Can AGL mutations lead to hypoglycemia?

Yes, AGL mutations can cause low blood sugar levels due to impaired glucose release.

Can AGL mutations lead to cardiomyopathy?

AGL mutations might contribute to cardiomyopathy due to glycogen accumulation.

Can AGL mutations cause muscle weakness?

Yes, AGL mutations can lead to muscle weakness due to impaired glycogen breakdown.

Is AGL's role conserved across species?

Research explores whether AGL's function is conserved in different organisms.

How does AGL influence cellular glycogen stores?

AGL activity ensures proper glycogen breakdown, maintaining cellular glycogen levels.

Is AGL research ongoing?

Yes, ongoing research uncovers AGL's roles in metabolism and related diseases.

How does AGL contribute to glycogen structure?

AGL's enzymatic activity alters glycogen structure by removing branches.

Can AGL be a target for therapeutic interventions?

AGL's role in glycogen metabolism makes it a potential therapeutic target.

How does AGL influence glycogen synthesis?

AGL's enzymatic role is in breaking down glycogen, not synthesizing it.

How does AGL dysfunction impact different tissues?

AGL dysfunction can affect various tissues due to glycogen storage disruptions.

How does AGL deficiency impact muscle cells?

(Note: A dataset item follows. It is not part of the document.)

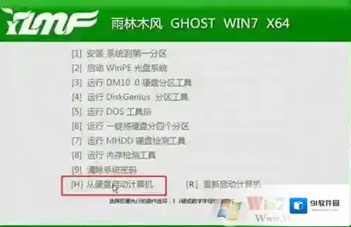 14、完成操作后,重启进入这个主菜单,输入H或点击从硬盘启动;

AGL deficiency affects muscle cells due to impaired glycogen breakdown.

What's the significance of AGL research?

Research on AGL provides insights into glycogen metabolism and related diseases.

Is AGL activity regulated by hormones?

Yes, hormones regulate AGL activity to maintain glucose levels.

Is AGL involved in heart health?

Yes, AGL's role in glycogen breakdown can impact heart function and health.

How does AGL contribute to metabolic homeostasis?

AGL's role in glycogen breakdown helps maintain glucose homeostasis.

Is AGL deficiency inherited?

Yes, AGL deficiency is usually inherited in an autosomal recessive manner.

How does AGL deficiency impact energy availability?

AGL deficiency hinders glucose release from glycogen, affecting energy supply.

Can AGL mutations affect exercise tolerance?

Yes, AGL mutations can impact exercise tolerance due to limited energy supply.

Can AGL mutations lead to multi-organ involvement?

Yes, AGL mutations can impact multiple organs due to glycogen storage issues.

Can AGL mutations affect brain function?

AGL mutations can impact brain health due to glycogen storage issues in certain tissues.